- Date: 12 – 20 July
- Edition: 11th
- Draw: 32S/32Q/16D
- Prize money: €35,000+H
- Surface: Clay
- Location: Poznań, Poland
- Venue: Park Tenisowy Olimpia

Champions

Singles
- David Goffin

Doubles
- Radu Albot / Adam Pavlásek
| Poznań Open |

= 2014 Poznań Open =

The 2014 Poznań Open was a professional tennis tournament played on clay courts. It was the eleventh edition of the tournament which was part of the 2014 ATP Challenger Tour. It took place at the Park Tenisowy Olimpia in Poznań, Poland from 12 to 20 July 2014, including the qualifying competition in the first two days.

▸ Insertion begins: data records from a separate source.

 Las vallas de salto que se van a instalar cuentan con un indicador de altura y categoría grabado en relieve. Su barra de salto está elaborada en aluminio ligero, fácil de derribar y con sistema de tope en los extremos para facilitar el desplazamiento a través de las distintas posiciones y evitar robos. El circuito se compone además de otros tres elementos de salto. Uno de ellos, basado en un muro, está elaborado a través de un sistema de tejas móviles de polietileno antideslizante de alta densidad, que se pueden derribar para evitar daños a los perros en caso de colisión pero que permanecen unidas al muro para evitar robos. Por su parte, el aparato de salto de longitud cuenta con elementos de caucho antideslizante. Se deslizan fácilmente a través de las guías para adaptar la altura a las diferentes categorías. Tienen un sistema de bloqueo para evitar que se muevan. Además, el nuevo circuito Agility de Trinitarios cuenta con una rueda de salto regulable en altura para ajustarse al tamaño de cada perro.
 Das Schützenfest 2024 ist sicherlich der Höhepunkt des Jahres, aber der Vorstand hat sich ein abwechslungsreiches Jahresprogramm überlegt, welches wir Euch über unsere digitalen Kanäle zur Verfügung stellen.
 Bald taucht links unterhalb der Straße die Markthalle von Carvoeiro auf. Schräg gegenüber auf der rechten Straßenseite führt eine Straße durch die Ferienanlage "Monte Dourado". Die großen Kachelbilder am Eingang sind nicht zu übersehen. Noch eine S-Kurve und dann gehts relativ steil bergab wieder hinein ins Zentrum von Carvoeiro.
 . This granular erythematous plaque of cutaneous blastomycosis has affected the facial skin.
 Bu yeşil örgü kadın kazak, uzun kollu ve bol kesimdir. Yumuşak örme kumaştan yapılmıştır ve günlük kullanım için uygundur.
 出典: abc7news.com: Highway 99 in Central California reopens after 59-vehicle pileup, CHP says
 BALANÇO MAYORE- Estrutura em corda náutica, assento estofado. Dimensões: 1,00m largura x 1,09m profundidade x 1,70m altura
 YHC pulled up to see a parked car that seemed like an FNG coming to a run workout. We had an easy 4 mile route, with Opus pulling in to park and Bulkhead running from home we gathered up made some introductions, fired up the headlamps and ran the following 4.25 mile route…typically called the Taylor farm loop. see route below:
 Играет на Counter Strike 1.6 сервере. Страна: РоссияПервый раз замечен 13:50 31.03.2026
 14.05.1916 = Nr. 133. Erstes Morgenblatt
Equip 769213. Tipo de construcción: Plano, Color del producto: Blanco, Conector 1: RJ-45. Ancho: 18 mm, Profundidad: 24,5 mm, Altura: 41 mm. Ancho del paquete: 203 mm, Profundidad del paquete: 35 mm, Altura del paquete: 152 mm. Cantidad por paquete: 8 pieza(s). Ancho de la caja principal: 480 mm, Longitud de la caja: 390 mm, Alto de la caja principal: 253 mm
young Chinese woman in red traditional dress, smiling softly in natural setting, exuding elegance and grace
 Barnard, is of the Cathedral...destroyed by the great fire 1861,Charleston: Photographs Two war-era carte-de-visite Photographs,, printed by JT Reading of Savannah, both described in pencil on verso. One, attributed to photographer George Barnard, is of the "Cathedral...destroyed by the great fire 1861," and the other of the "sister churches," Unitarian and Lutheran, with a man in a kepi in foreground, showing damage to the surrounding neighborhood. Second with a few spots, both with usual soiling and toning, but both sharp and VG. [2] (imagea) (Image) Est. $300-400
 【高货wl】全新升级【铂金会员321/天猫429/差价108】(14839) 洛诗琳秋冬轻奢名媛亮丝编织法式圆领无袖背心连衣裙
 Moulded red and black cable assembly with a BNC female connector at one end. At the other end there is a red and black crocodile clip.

==Singles main-draw entrants==

===Seeds===

| Country | Player | Rank | Seed |
|---|---|---|---|
| SLO | Blaž Rola | 81 | 1 |
| AUT | Andreas Haider-Maurer | 97 | 2 |
| BEL | David Goffin | 106 | 3 |
| BRA | João Souza | 126 | 4 |
| BIH | Damir Džumhur | 130 | 5 |
| GER | Andreas Beck | 131 | 6 |
| FRA | Pierre-Hugues Herbert | 132 | 7 |
| ROU | Adrian Ungur | 162 | 8 |

===Other entrants===
The following players received wildcards into the singles main draw:
- POL Andriej Kapaś
- POL Błażej Koniusz
- POL Kamil Majchrzak
- POL Grzegorz Panfil

The following players received entry as an alternate into the singles main draw:
- AUS Alex Bolt
- BEL Germain Gigounon

The following players received entry from the qualifying draw:
- NED Wesley Koolhof
- CHL Christian Garin
- UKR Artem Smirnov
- SRB Miljan Zekić

===Withdrawals===
- Before the tournament
- ESP Roberto Carballés Baena
- BRA Guilherme Clezar
- ARG Andrea Collarini
- FRA Lucas Pouille

==Doubles main-draw entrants==

===Seeds===

| Country | Player | Country | Player | Rank | Seed |
|---|---|---|---|---|---|
| POL | Tomasz Bednarek | FIN | Henri Kontinen | 141 | 1 |
| SWE | Andreas Siljeström | SVK | Igor Zelenay | 249 | 2 |
| USA | James Cerretani | GER | Frank Moser | 270 | 3 |
| POL | Piotr Gadomski | NED | Wesley Koolhof | 409 | 4 |

===Other entrants===
The following pairs received wildcards into the doubles main draw:
- POL Marcin Gawron / POL Grzegorz Panfil
- POL Mateusz Kowalczyk / POL Maciej Smoła
- POL Kamil Majchrzak / POL Jan Zieliński

The following pair received entry from the qualifying draw:
- POL Karol Drzewiecki / POL Piotr Łomacki

==Champions==

===Singles===

BEL David Goffin def. SLO Blaž Rola, 6–4, 6–2

===Doubles===

MDA Radu Albot / CZE Adam Pavlásek def. POL Tomasz Bednarek / FIN Henri Kontinen, 7–5, 2–6, [10–8]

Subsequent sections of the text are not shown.